On today’s episode, we trace the history of Chicago blues, especially blues harmonica, and its role in the birth of rock n’ roll with guest Kim Field, writer, musician, and co-author of the book The Blues Dream of Billy Boy Arnold.
Born in Chicago in 1935, William Arnold, better known as Billy Boy, started playing blues harmonica professionally as a teenager. His career spans over eight decades, in which he’s met and performed with many of the greats, including Sonny Boy Williamson, Little Walter, Bo Diddley, Muddy Waters, Howling Wolf, Otis Rush, Otis Spann, Elmore James, Jimmy Reed, James Cotton, Paul Butterfield, and Charlie Musselwhite. And his songs have been recorded by early rock groups like the Yardbirds, with Eric Clapton on guitar, and the Animals.

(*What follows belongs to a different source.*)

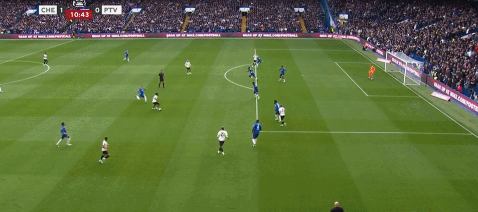 第57分钟,古斯托右路传中,阿达拉比奥尤头球破门!切尔西4-0

Billy Boy is still with us, at the age of 87, and still playing the blues. After seeing him perform at Seattle’s Jazz Alley in 2015, Kim was inspired to do a book on Billy Boy’s life in music. A few years later, Kim pitched the idea to Billy Boy himself, and they sat down over the next 1 ½ years to record over 60 hours of interviews. The result is The Blues Dream of Billy Boy Arnold, a memoir told entirely in Billy Boy’s own words, painstakingly transcribed by Kim from those tapes. As Kim writes in the book’s Introduction, Billy Boy’s “memory is nothing short of phenomenal. He possesses an encyclopedic recall.”
I think you’ll find, as we’re transported back to the Chicago of the 50s and 60s, and the early days of rock both here and in England, that Billy Boy is as spellbinding a storyteller as he is a musician.